Improving Branch Prediction By Modeling Global History with Convolutional Neural Networks

Abstract: CPU branch prediction has hit a wall--existing techniques achieve near-perfect accuracy on 99% of static branches, and yet the mispredictions that remain hide major performance gains. In a companion report, we show that a primary source of mispredictions is a handful of systematically hard-to-predict branches (H2Ps), e.g. just 10 static instructions per SimPoint phase in SPECint 2017. The lost opportunity posed by these mispredictions is significant to the CPU: 14.0% in instructions-per-cycle (IPC) on Intel SkyLake and 37.4% IPC when the pipeline is scaled four-fold, on par with gains from process technology. However, up to 80% of this upside is unreachable by the best known branch predictors, even when afforded exponentially more resources. New approaches are needed, and ML provides a palette of powerful predictors. A growing body of work has shown that ML models are deployable within the microarchitecture to optimize hardware at runtime, and are one way to customize CPUs post-silicon by training to customer applications. We develop this scenario for branch prediction using convolutional neural networks (CNNs) to boost accuracy for H2Ps.
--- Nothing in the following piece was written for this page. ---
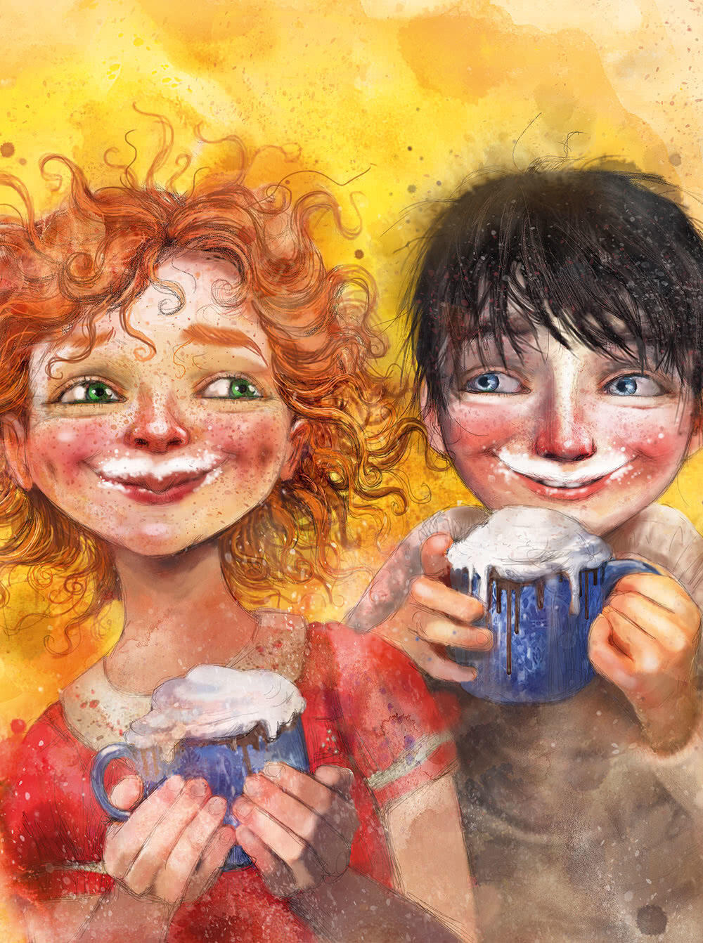За дверью оказалась просторная, покрашенная в голубой цвет кухня. Здесь так вкусно пахло едой и имбирным печеньем, что у меня опять засосало под ложечкой. На стенах висели сковородки и кастрюли, а у плиты стояла большая крынка в цветочек с воткнутыми в неё поварёшками и венчиками. Хедвиг явно привыкла здесь хозяйничать. Она сняла с одного из крючков на стене кастрюлю, поставила её на плиту, достала из большущего холодильника молоко, нашла в одном из ящичков шоколад, налила молоко в кастрюлю, покрошила туда шоколад, вытянула из цветастой крынки венчик и стала размешивать.

Step-by-step, we (1) map CNNs to the global history data used by existing branch predictors; (2) show how CNNs improve H2P prediction in SPEC 2017; (3) adapt 2-bit CNN inference to the constraints of current branch prediction units; and (4) establish that CNN helper predictors are reusable across application executions on different inputs, enabling us to amortize offline training and deploy ML pattern matching to improve IPC.